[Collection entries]
↓

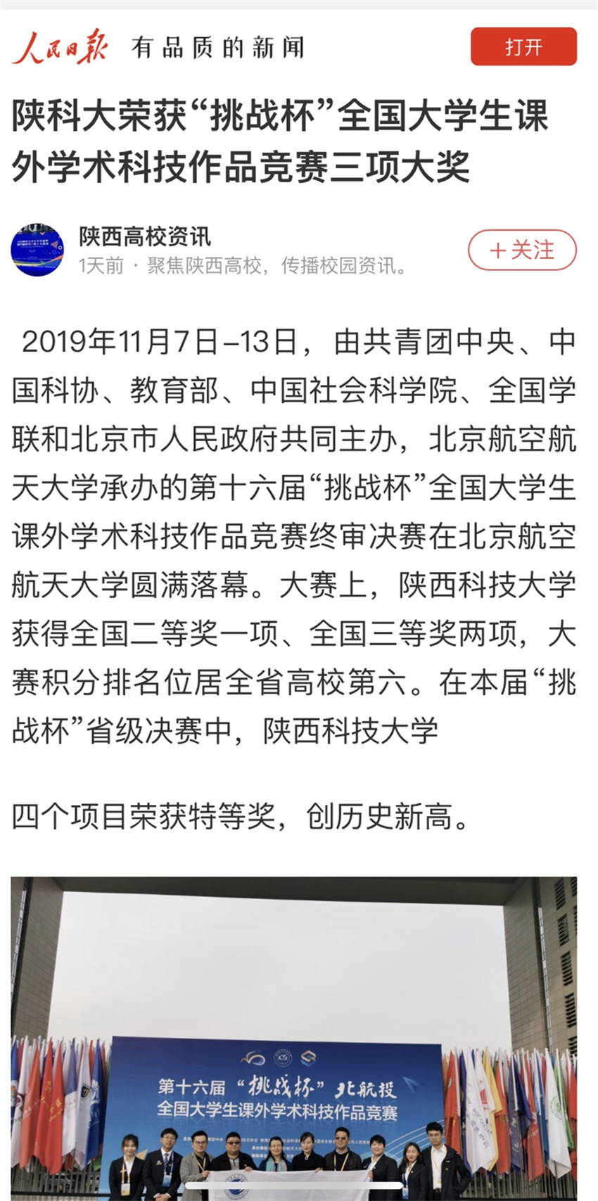 人民日報APP:陜科大榮獲“挑戰(zhàn)杯”全國大學生課外學術(shù)科技作品競賽三項大獎
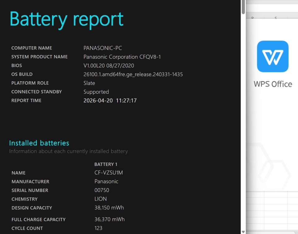 バッテリー電池の健康度は 95% です。4時間位も使用可能と表示されている。 バッテリーは消耗品の為、動作補償外となります。
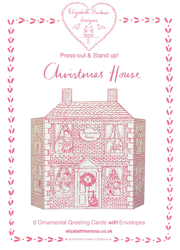 Pack Of 8 Press-Out Stand-Up Christmas House Greetings Cards with envelopes.
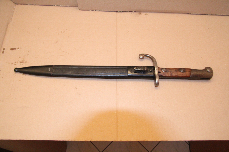 M1908 Hersteller:W.K.&CIE,Klinge mit Patina, im unteren Bereich leicht Feinporig ohne Kerben,Griff und Drücker gut,Scheide gut Naht geschlossen,mit schwarzen Ort und Mundblech aus Eisen,Koppelhaken FI gestempelt (FABRIICA ITAJUBA)
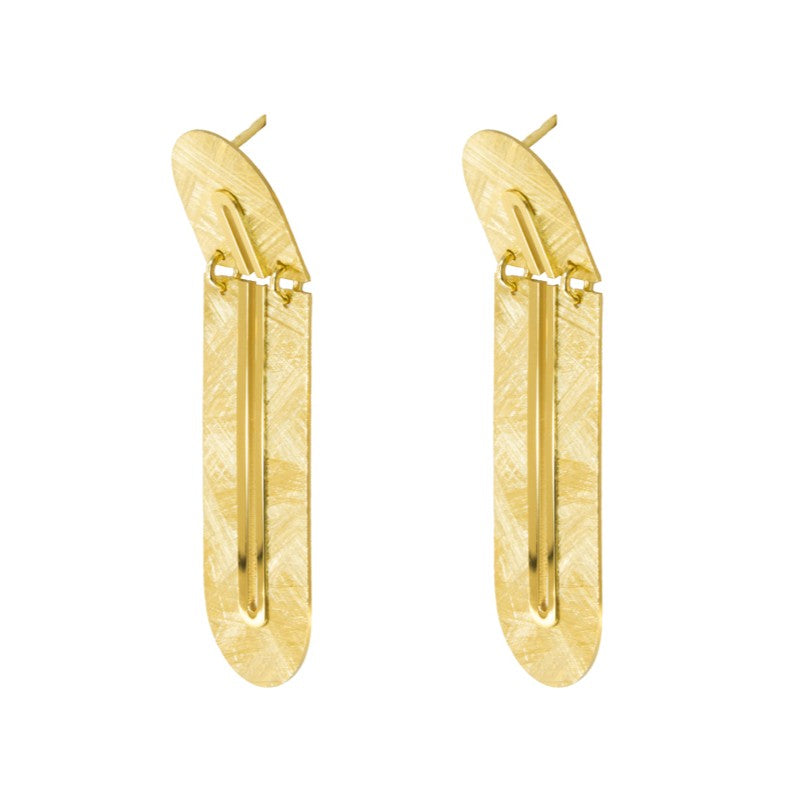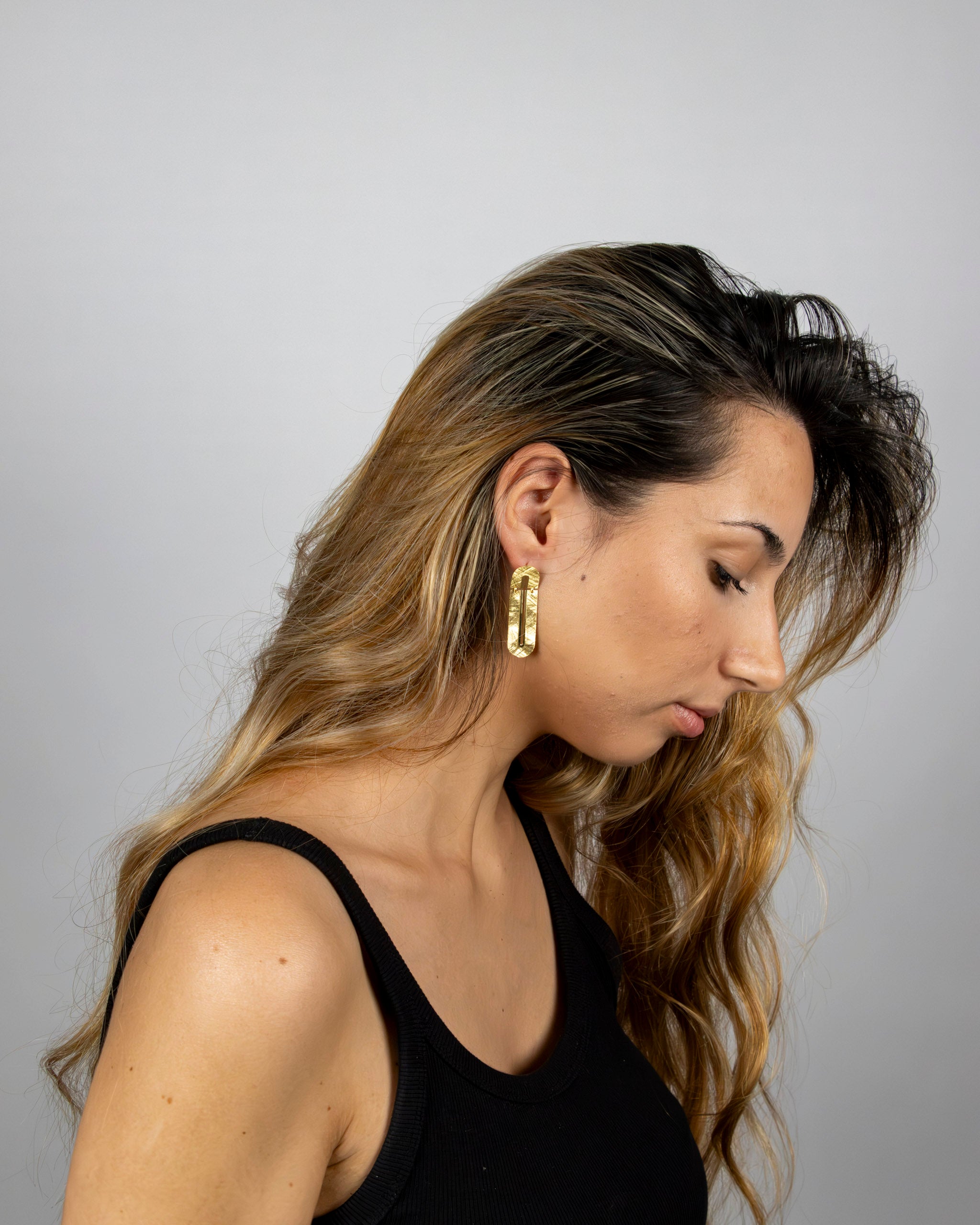 Destaca-te com os Brincos Teia, onde formas ovais texturizadas abraçam uma barra dourada polida numa composição arquitectónica sofisticada. Esta peça contemporânea equilibra volume e linearidade, criando um contraste visual fascinante que alonga graciosamente a silhueta e adiciona um toque de modernidade urbana ao teu look

↑

▶ [EXERCISE BRIEF]:
Write out exactly the lines that run from the one containing "Pack Of 8 Press-Out" to the last line of the entries above, both ends kept, pictures left out.

▶ [SOLUTION BELOW]:
 Pack Of 8 Press-Out Stand-Up Christmas House Greetings Cards with envelopes.
 M1908 Hersteller:W.K.&CIE,Klinge mit Patina, im unteren Bereich leicht Feinporig ohne Kerben,Griff und Drücker gut,Scheide gut Naht geschlossen,mit schwarzen Ort und Mundblech aus Eisen,Koppelhaken FI gestempelt (FABRIICA ITAJUBA)
 Destaca-te com os Brincos Teia, onde formas ovais texturizadas abraçam uma barra dourada polida numa composição arquitectónica sofisticada. Esta peça contemporânea equilibra volume e linearidade, criando um contraste visual fascinante que alonga graciosamente a silhueta e adiciona um toque de modernidade urbana ao teu look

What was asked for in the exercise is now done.